For the second time in the last few days, Uber Technologies (UBER -1.29%) has divested one of its skunkworks. The rideshare company has signed a deal with early-stage company Joby Aviation to sell Uber Elevate, a business unit tasked with exploring and developing aerial technologies, such as air taxis and delivery drones.
The price of the sale was not disclosed. As part of the deal, Uber will invest an additional $75 million in Joby on top of a $50 million investment it made in January. The latter arrangement was not previously disclosed. Joby's total funding now stands at $820 million, and its investors include automaker Toyota, which has pumped $394 million into the still privately held company.

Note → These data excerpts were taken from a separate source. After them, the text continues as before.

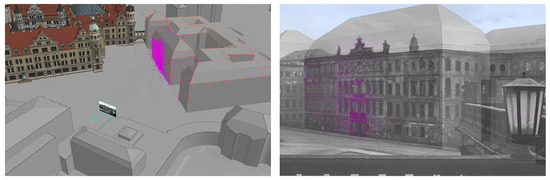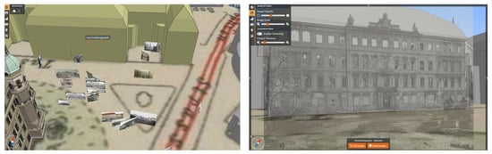 Nonetheless, all camera parameters are transferred to the 4D browser after georeferencing using the sparse cloud and a LOD 3 model of Taschenbergpalais by selecting 15 corresponding points (Figure 9-left). The accuracy of the transformation between the 3D model and sparse cloud yields = 1.12 m with a maximum deviation in XYZ of 3.52 m. It was not possible to achieve higher accuracy, even when selecting more points or changing the distribution of similar points.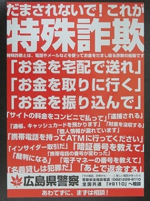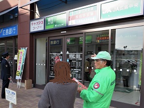 相変わらず増加する特殊詐欺被害に対し、東広島警察署と防犯連合会は10月13日に続き、12月15日年金支給日に合わせ、市内大型店舗ATMコーナーにおいて「特殊詐欺被害防止」のチラシなどを配布する啓発活動を行った。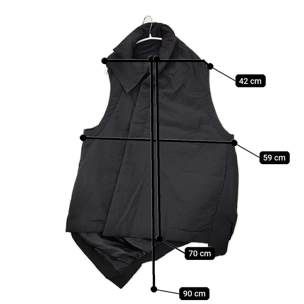 | 実寸サイズ | 肩幅:約42cm 着丈:約90cm 着丈(前):約70cm 身幅:約59cm 袖丈:約-cm ※採寸画像がある商品はハンガーに吊るした状態での計測のため、平置きでの採寸とは差が生じる場合がございます。平置きでの実寸サイズをご希望の場合は、ご購入前に必ずご質問ください。 ※記載以外のサイズが合わないことを理由とした返品はできませんので、 記載部分以外で実寸サイズの気になる箇所があれば必ず購入前にご質問ください。 |

Joby, which revealed the news in a press release issued on Wednesday, said that it and Uber "have agreed to integrate their respective services into each other's apps, enabling seamless integration between ground and air travel for future customers."
The move comes after speculation that Uber, which has shed several capital-intensive businesses in similar sale-and-invest deals, was looking to unload Elevate. The unit was responsible for all of Uber's aerial efforts.
While some, such as the delivery drones or vertical take-off and landing (VTOL) air taxis, have yet to make it past the concept and planning stages, Elevate did manage the operational New York City helicopter-ferrying service Uber Copter. That business, however, has been suspended in the wake of the coronavirus pandemic.
For all its prominence and popularity, Uber is deeply unprofitable on the bottom line and thus continues to sell cost centers. Another example is the recently announced ATG deal. This latest divestment is a sensible move, but the company still needs to prove to investors it can make money at some point down the road.